Required action:
Nothing should appear in the answer except the lines below from the line containing "Ik bedacht me" through the line containing "実証実験は2025年8月から", copied exactly, with pictures left out.

Record set:
[Start of section]

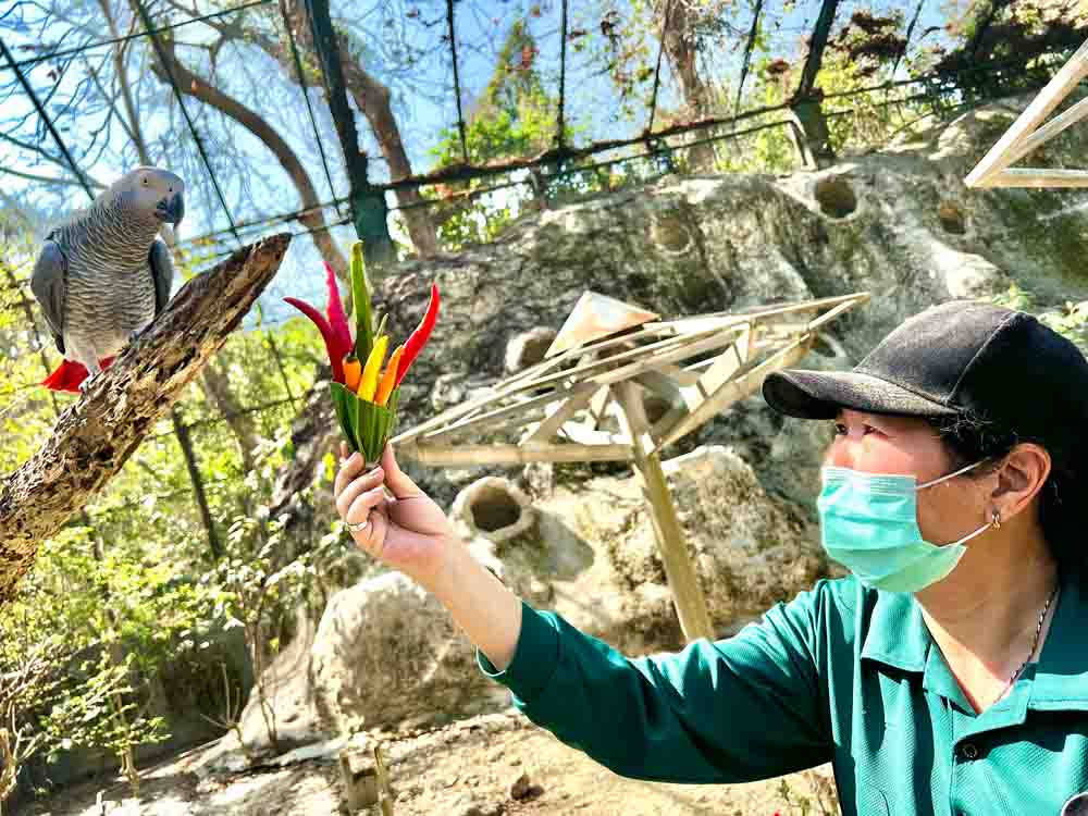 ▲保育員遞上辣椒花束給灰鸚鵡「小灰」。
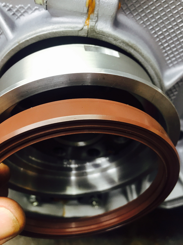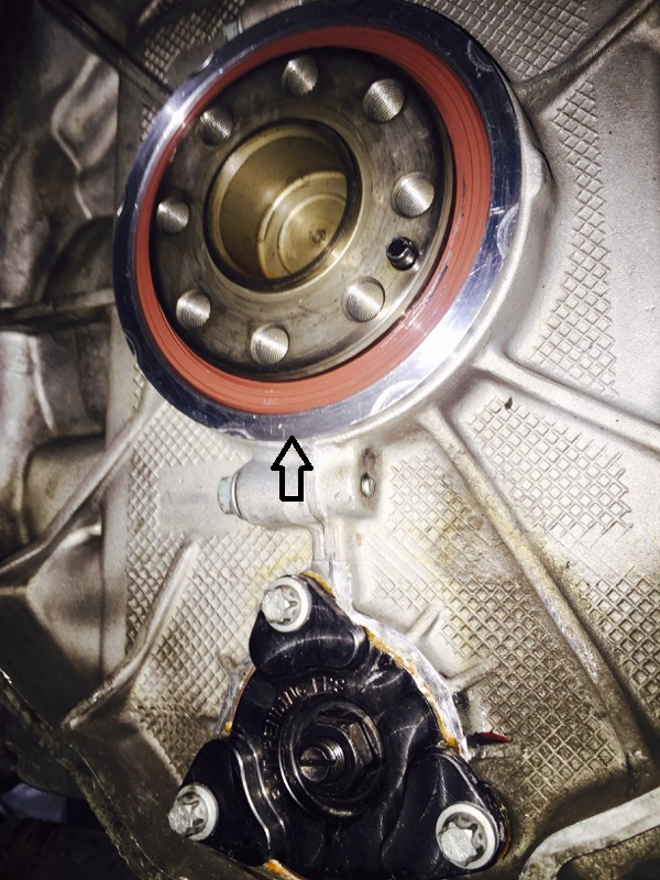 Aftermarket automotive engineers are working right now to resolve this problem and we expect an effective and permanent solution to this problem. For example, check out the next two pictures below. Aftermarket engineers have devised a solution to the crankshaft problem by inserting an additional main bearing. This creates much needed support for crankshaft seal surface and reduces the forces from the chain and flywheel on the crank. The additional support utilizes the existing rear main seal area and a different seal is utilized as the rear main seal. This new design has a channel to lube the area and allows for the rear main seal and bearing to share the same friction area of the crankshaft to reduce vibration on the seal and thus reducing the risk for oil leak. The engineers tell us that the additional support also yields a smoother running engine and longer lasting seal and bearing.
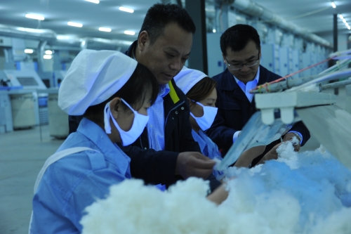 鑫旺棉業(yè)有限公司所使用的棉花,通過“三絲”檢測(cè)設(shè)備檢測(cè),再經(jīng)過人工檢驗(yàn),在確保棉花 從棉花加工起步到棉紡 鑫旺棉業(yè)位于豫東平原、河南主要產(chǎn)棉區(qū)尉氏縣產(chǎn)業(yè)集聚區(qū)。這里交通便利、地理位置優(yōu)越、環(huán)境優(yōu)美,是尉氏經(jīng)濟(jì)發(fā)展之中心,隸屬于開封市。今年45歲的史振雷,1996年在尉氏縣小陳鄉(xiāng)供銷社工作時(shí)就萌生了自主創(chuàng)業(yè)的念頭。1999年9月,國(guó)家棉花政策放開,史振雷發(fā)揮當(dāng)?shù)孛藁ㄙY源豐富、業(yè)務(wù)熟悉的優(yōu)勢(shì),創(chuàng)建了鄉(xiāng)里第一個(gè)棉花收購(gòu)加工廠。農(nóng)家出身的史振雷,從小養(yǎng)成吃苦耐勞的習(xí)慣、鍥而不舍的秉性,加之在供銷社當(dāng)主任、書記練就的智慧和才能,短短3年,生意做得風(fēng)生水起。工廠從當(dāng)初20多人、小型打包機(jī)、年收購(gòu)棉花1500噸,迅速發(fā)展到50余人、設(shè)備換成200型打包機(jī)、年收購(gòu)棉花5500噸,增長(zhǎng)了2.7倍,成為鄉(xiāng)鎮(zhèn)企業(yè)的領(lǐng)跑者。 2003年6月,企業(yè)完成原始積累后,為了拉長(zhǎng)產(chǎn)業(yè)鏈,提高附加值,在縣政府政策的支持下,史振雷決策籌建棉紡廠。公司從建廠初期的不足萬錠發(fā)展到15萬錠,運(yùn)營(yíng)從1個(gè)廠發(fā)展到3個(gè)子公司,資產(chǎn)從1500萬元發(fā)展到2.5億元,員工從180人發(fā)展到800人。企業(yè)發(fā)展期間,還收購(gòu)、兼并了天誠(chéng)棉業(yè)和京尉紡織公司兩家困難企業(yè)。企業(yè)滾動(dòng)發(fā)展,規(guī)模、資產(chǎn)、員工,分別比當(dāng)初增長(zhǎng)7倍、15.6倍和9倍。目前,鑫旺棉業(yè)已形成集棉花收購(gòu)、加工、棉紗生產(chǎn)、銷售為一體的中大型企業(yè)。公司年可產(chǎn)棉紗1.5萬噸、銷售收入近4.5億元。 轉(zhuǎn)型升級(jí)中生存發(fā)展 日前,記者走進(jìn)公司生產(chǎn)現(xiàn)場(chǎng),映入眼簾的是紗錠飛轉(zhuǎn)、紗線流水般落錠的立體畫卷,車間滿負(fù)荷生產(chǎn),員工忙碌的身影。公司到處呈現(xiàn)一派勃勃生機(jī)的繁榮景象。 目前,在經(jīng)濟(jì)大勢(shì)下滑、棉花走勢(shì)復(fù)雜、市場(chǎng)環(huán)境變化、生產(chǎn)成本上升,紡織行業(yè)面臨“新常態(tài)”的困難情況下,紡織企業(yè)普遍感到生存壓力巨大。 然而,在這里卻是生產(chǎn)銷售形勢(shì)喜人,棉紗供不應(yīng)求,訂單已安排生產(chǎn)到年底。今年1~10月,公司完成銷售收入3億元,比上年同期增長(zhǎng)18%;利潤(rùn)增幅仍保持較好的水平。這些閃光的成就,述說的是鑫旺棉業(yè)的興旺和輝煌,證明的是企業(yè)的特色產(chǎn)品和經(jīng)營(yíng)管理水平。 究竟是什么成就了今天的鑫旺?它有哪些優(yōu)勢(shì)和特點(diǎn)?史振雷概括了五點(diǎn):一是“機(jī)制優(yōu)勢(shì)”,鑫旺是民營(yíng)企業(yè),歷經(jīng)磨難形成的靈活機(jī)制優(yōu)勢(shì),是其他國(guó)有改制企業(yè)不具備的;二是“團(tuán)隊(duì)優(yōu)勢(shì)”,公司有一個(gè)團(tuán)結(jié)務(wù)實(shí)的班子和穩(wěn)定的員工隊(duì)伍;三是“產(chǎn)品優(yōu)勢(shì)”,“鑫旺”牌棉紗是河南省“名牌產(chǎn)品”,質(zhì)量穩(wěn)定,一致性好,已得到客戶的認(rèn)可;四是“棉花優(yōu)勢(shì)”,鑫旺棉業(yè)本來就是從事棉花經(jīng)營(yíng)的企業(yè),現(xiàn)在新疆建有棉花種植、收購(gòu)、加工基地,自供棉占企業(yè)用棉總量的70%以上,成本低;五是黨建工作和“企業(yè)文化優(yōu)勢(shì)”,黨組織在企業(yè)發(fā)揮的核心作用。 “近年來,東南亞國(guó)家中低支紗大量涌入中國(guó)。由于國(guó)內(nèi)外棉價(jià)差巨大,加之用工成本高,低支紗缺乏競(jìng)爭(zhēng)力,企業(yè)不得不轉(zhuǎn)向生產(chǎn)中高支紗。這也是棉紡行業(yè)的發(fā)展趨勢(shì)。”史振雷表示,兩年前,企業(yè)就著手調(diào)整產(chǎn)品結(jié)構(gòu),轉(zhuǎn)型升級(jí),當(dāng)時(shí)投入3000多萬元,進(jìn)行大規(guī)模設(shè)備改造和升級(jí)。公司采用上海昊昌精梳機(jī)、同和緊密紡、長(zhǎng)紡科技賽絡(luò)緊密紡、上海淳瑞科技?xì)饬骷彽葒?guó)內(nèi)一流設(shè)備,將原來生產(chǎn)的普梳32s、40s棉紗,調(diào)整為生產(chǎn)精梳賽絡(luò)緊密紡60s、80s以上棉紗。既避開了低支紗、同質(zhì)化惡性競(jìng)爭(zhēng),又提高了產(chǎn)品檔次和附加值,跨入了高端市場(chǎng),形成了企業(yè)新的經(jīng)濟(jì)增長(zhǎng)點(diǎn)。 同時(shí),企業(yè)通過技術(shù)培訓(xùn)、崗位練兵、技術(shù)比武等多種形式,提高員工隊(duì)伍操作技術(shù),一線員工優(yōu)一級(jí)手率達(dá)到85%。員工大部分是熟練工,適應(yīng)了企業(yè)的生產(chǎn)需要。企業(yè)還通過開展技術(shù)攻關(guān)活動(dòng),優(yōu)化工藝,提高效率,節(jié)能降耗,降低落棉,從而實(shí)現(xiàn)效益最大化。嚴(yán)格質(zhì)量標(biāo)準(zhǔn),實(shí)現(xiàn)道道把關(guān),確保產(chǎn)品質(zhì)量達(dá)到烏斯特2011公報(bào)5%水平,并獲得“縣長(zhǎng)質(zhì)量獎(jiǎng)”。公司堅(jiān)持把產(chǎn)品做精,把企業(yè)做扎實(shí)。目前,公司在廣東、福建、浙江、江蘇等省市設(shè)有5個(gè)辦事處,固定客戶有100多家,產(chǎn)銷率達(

[End of section]
[Start of section]

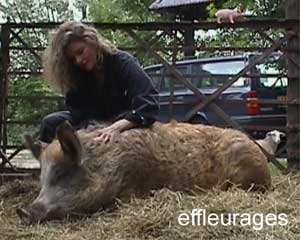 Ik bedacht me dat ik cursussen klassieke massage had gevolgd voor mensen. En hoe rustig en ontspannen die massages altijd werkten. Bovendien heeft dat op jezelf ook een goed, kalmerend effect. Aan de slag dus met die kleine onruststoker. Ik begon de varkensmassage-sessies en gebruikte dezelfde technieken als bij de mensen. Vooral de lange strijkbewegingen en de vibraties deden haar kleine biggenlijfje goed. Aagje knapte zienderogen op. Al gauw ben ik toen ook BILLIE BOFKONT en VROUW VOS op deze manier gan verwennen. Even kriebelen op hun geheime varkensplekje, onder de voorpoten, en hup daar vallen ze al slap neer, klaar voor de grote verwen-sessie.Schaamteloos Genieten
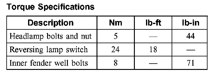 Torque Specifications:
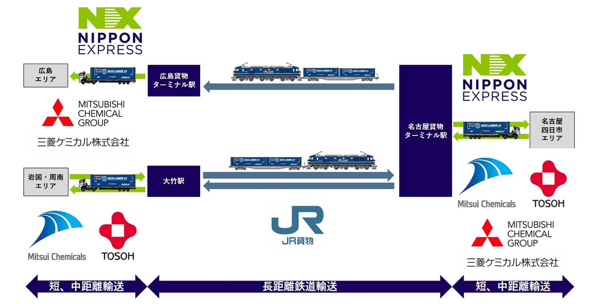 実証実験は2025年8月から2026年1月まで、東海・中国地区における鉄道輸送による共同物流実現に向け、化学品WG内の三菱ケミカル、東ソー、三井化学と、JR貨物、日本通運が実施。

[End of section]

Result:
 Ik bedacht me dat ik cursussen klassieke massage had gevolgd voor mensen. En hoe rustig en ontspannen die massages altijd werkten. Bovendien heeft dat op jezelf ook een goed, kalmerend effect. Aan de slag dus met die kleine onruststoker. Ik begon de varkensmassage-sessies en gebruikte dezelfde technieken als bij de mensen. Vooral de lange strijkbewegingen en de vibraties deden haar kleine biggenlijfje goed. Aagje knapte zienderogen op. Al gauw ben ik toen ook BILLIE BOFKONT en VROUW VOS op deze manier gan verwennen. Even kriebelen op hun geheime varkensplekje, onder de voorpoten, en hup daar vallen ze al slap neer, klaar voor de grote verwen-sessie.Schaamteloos Genieten
 Torque Specifications:
 実証実験は2025年8月から2026年1月まで、東海・中国地区における鉄道輸送による共同物流実現に向け、化学品WG内の三菱ケミカル、東ソー、三井化学と、JR貨物、日本通運が実施。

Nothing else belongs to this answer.